Open Thread: What's Your Backup Strategy?
We’ve talked a lot about backup options in past months. You can go offsite with a service like Amazon S3 or Mozy. If you’ve upgraded to Leopard, there’s the shiny new Time Machine. You can copy everything you care about to a second hard drive, burn CDs, or (if you have truly antique hardware) keep backup tapes. There are even hacks to let you use GMail as a big backup service.
With all the choices out there, what do you do to backup your critical data? Do you store redundant copies of data in your own office? Use one of the offsite backup services (which one)? Or are you living dangerously with no backups at all? We’d love to hear your backup success (or horror) stories, and why you’ve chosen the path you have. Share them in the comments!
Related research and analysis from GigaOM Pro:
Subscriber content. Sign up for a free trial.
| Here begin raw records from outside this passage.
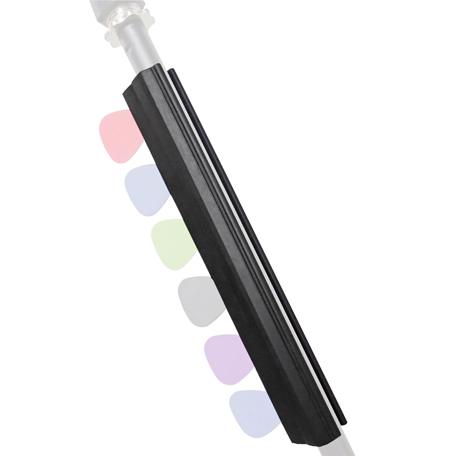 Die langlebige und flexible Plektrenhalterung wird einfach an ein Mikrofonstativ oder einen Mikrofon-Galgen geklemmt. Der Halter ist mit allen Standard-Mikrofonständern nutzbar.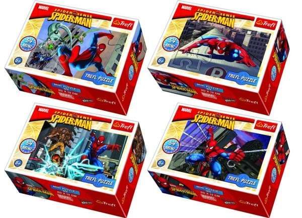 Mini dětské puzzle ve čtyřech druzích s motivy dětského hrdiny Spidermana.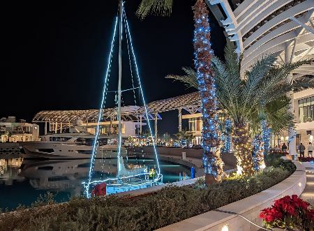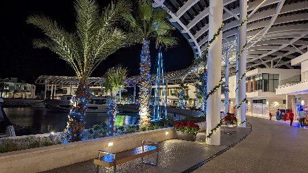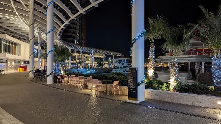 As a new marina, everything is pristine. The water is beautiful and clear. The people are friendly and helpful. We can report that in January through March 2, 2023, one of the restaurants is only open on Saturdays and Sundays due to lower “traffic” in the winter months. The ice cream shop is scheduled to reopen this month. A sushi restaurant appears to be on the brink of opening as well. The supermarket is open every day. The marina creates a Christmas Village in December when the marina is beautifully lit and they have entertainment and an open market several days a week.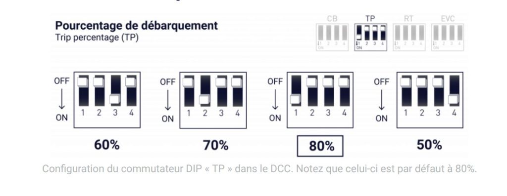 Afin de délester la borne plus tôt lors d’une pointe d’utilisation de l’énergie, il est possible de changer le seuil en pourcentage de la capacité maximale de l’artère du logement qui déclenche un délestage de la borne de recharge. Pour ceci, il faut modifier la position du commutateur DIP « TP » dans le contrôleur de charge DCC selon le tableau suivant :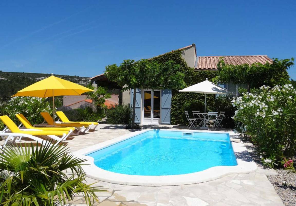 Ferienhaus am Rande des Dorfes Coustouge, im Herzen des Landes, Corbières und Katharer. Umgeben von Hügeln und Weinbergen bietet einen Blick auf die mediterrane Landschaft. Landschaftsbau Felsen kleine Hecken. Beheizter Swimmingpool (4 X 7). Geschäfte 6 km, Strände um 30 Minuten.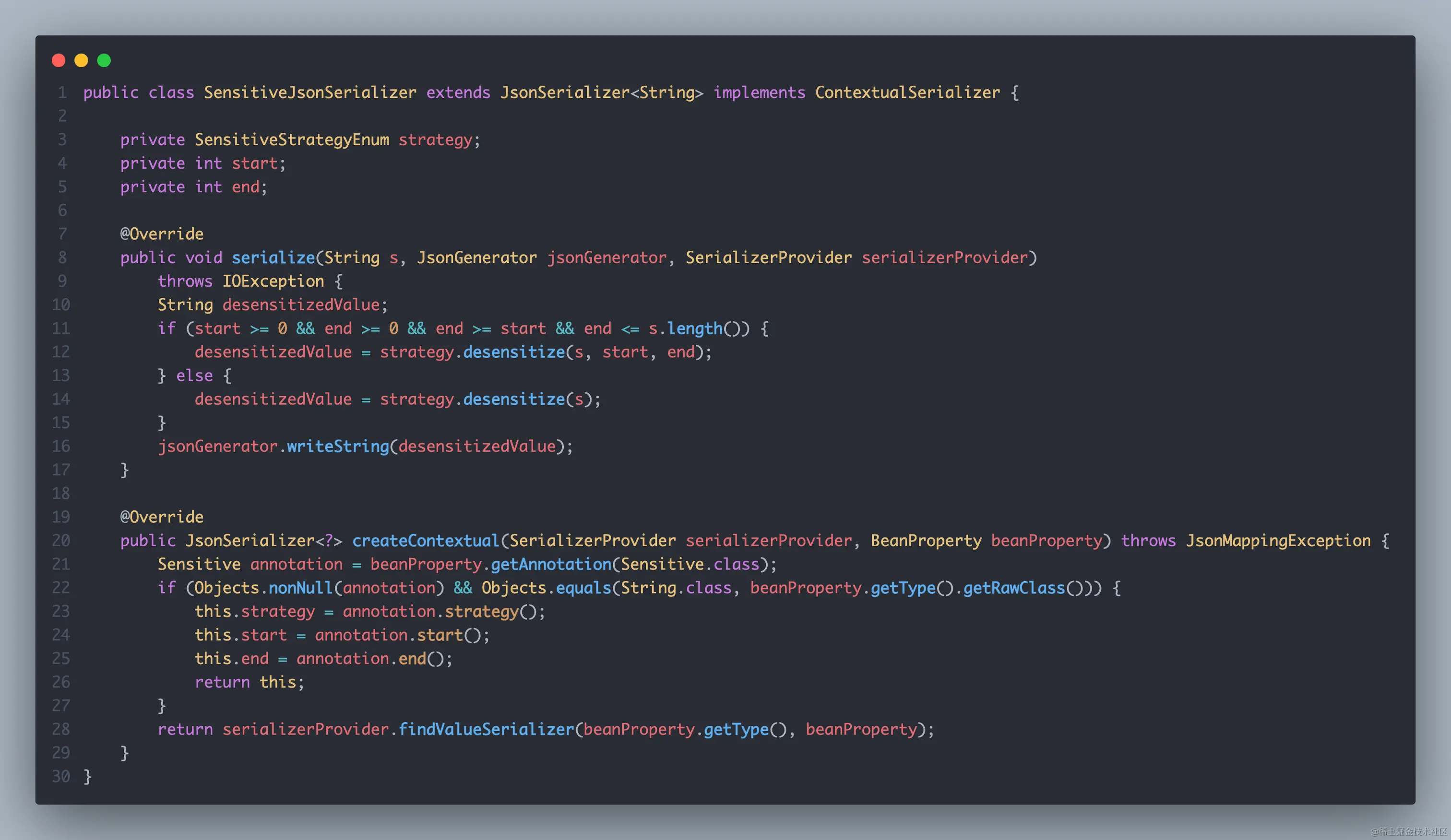在shigen之前的文章一个注解,实现数据脱敏中,有一位读者提到了一个优化项目,优化代码参考: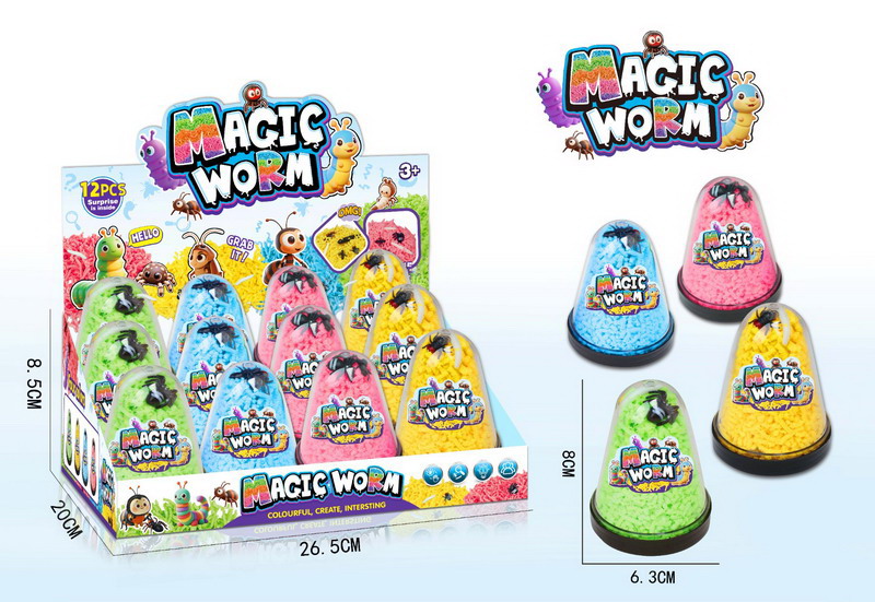 Dotaz na produktČervíci. Rozměry 6,3x6,3x8 cm. 12 ks display box. 4 varianty - zelená, modrá, růžová, žlutá.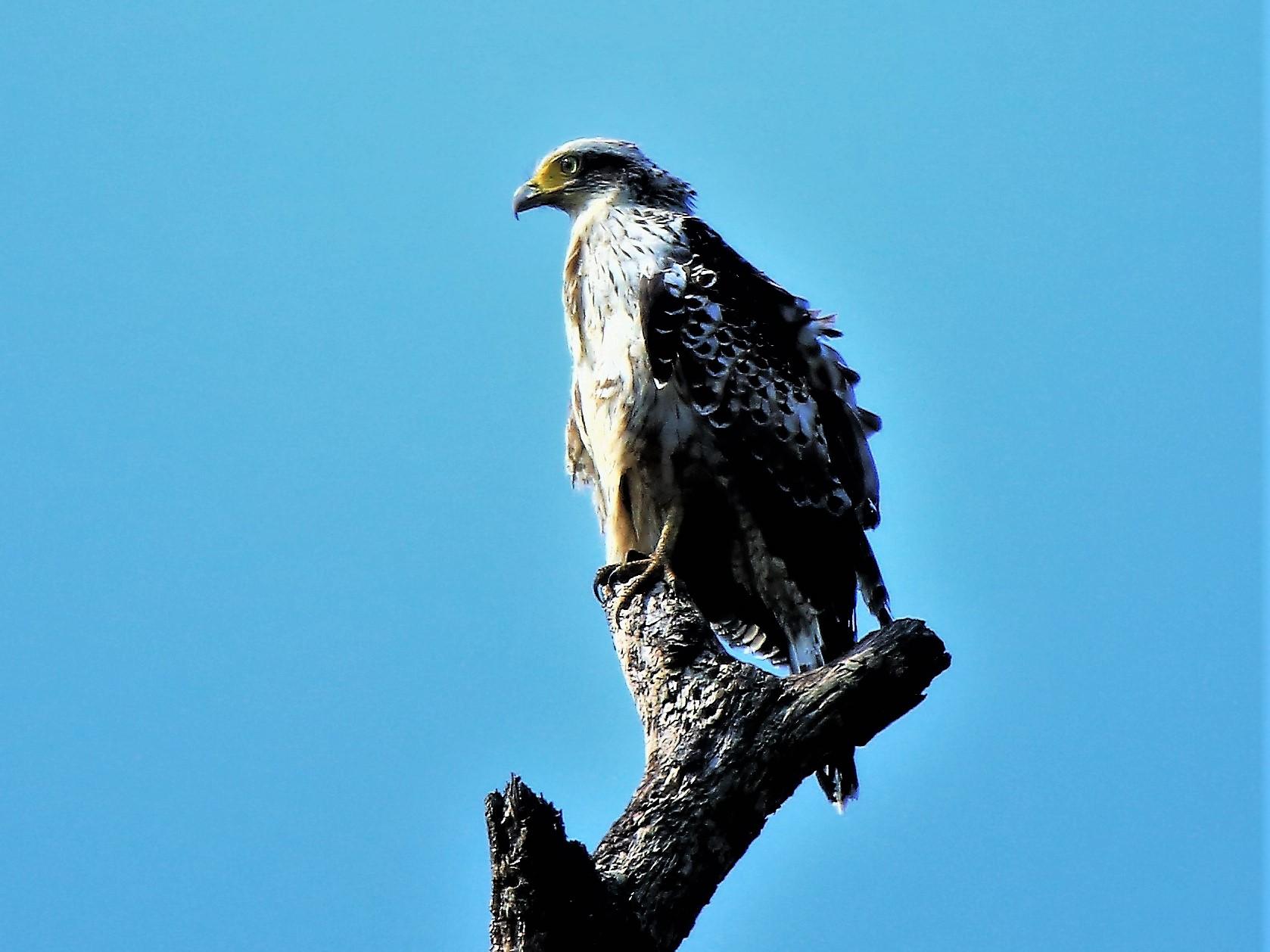 一般人認識的蛇雕,全身羽色黑或暗黑,間有白色斑點,是最容易分辦的大鵰。但如果牠的羽色改變,從黑色有白紋點斑,變成乳白色有黑斑,你還認得出來嗎?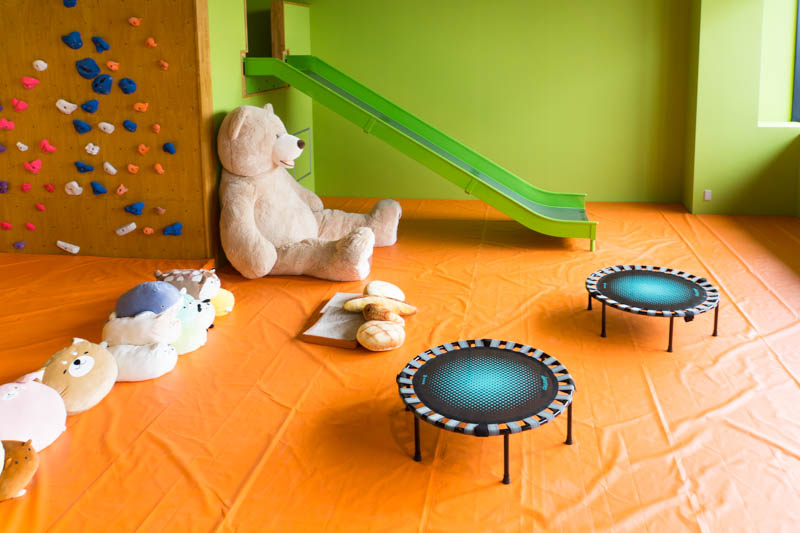 店内入ってすぐ右手には巨大なクマや滑り台、トランポリンなどが。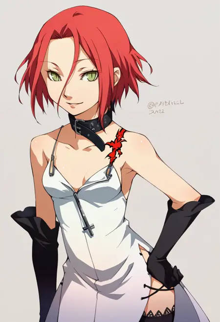 Persona 4 포트레이트 스타일. Pony Diffusion V6 XL로 학습됨.

Important data on local hard drives is backed up to a NAT drive in my home. The hole in my backup plan is the photo and music library that lives in on the NAT drive. I’m not presently backing those up anywhere, and I need to fix that sooner rather than later. I used to copy them to a spare hard drive, but that drive got re purposed for another use. The plan is to get a USB drive to plug into the NAT drive, just haven’t gotten around to doing it yet. My son is getting a XBox for Christmas. Does anybody know if it would be easy to mirror the photos and music to the hard drive in the Xbox?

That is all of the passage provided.